Le vice-président de la Banque européenne d'investissement (BEI), revient dans un entretien à La Tribune sur les sommes annoncées lors du G8 pour venir en aide aux pays méditerranéens en transition démocratique, l'Egypte et la Tunisie. Il insiste sur la portée politique de l'aide économique.
Les pays du G8 vont débloquer 40 milliards d'euros pour l'Egypte et la Tunisie. Concrètement, que représente cette somme ?
Les 40 milliards sont un package qui représente l'ensemble des aides qui ont déjà été promises, par tous les acteurs, plus celles qui ont été décidées au G8. Dans ces 40 milliards, 20 milliards vont être donnés par les institutions financières internationales que sont la Banque mondiale (BM), la Banque africaine de développement (BAD), la Banque européenne d'investissement (BEI) ou encore la Banque européenne pour la reconstruction et le développement (BERD). Les autres 20 milliards représentent les aides bilatérales. Par exemple, la décision des Etats-Unis de convertir la dette de l'Egypte est une mesure bilatérale, elle est donc comptée dans ces 20 milliards.
Quel est le rôle de la Banque européenne d'investissement (BEI), dans cette aide ?
Par le biais de la Facilité euro-méditerranéenne d'investissement et de partenariat (FEMIP), la BEI est le principal investisseur dans la région. Nous avons l'intention de prêter jusqu'à 6 milliards d'euros aux pays de la région d'ici 2013. Mais notre priorité est de financer des projets pour booster l'économie à court terme et créer rapidement des emplois. Nous allons donc accorder deux prêts pour un montant total de 300 millions d'euros à la Tunisie dès juillet. Le premier financera la construction d'une usine d'engrais au centre de la Tunisie, le deuxième un programme de modernisation routière dans l'ensemble du pays. En Egypte, la BEI et les pouvoirs publics ont identifié des projets prioritaires dans des secteurs clés comme le soutien aux entreprises ou les développement des infrastructures.
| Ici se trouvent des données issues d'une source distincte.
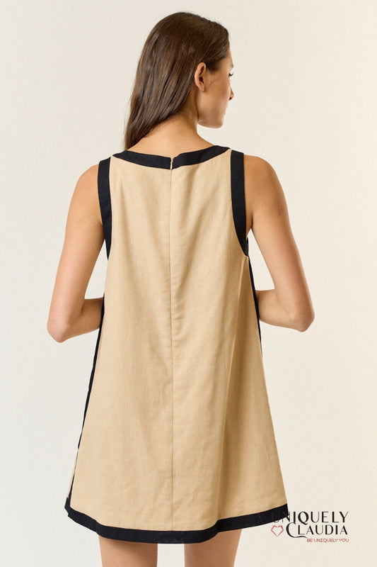 Roselyn Contrast Detail Boat Neck Sleeveless Mini Dress

Le Premier ministre tunisien a déclaré : « Tout le monde veut nous aider, mais il va falloir commencer par nous aider nous-mêmes ». Une manière de souligner l'absence de mesures concrètes derrière les annonces du G8...
Les leaders du G8, à commencer par Nicolas Sarkozy, ont fait le choix de ne pas transformer cette réunion politique en réunion financière. Il faut aussi garder à l'esprit que le G8 est une réunion informelle. Les chefs d'Etat ont échangé sur les manières d'aider efficacement les pays en transition démocratique et ont renvoyé aux ministres des Finances de l'UE et des pays partenaires de la FEMIP le soin d'organiser clairement comment ces millions vont être répartis, quels projets ils vont desservir. Coordonner l'aide économique est beaucoup plus difficile que lorsqu'il s'agit d'échanges bilatéraux. C'est aussi plus efficace, car une aide conjointe permet de débloquer davantage d'argent et de mieux cibler les besoins. Vous pointez du doigt l'absence de mesures concrètes, mais c'est un processus qui prend du temps. Réussir à se coordonner de cette manière, c'est déjà un évènement !
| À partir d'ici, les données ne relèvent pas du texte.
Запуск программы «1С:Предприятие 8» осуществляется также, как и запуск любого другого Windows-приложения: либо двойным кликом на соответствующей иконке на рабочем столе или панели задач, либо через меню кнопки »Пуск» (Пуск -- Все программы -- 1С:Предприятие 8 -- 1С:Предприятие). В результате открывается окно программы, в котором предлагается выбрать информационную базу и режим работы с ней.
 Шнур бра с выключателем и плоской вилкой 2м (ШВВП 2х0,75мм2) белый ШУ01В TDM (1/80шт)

Aider économiquement les pays en transition démocratique, est-ce un geste politique ?
Cela le devient de plus en plus. On ne peut pas séparer la prospérité économique de la démocratie politique, car l'objectif en ce qui concerne la Tunisie et l'Egypte est clairement de faciliter la transition démocratique. La stabilité d'un pays passe par une économie qui génère croissance et emplois. Actuellement, le risque dans ces pays est que l'installation de la démocratie soit fragilisée par une situation économique difficile, qui fasse dire aux populations que la nouvelle situation n'est pas meilleure que l'ancienne. C'est pour cela que nous prenons en compte, beaucoup plus qu'avant, l'agenda politique des pays que nous aidons. En Tunisie par exemple, le gouvernement a annoncé vouloir développer les investissements étrangers et le partenariat public-privé. Donc nous avons complètement réorienté notre partenariat sur ces axes. Car réussir en Tunisie et en Egypte, c'est montrer le cap pour l'ensemble des pays, du Maroc à la Syrie.
La transition démocratique connaît quelques difficultés. Il y a quelques semaines, des troubles ont éclaté à Tunis. L'élection d'une assemblée constituante, initialement prévues le 24 juillet, risque d'être repoussée en octobre ou novembre.
Les pays du G8 vont débloquer 40 milliards d'euros pour l'Egypte et la Tunisie. Concrètement, que représente cette somme ?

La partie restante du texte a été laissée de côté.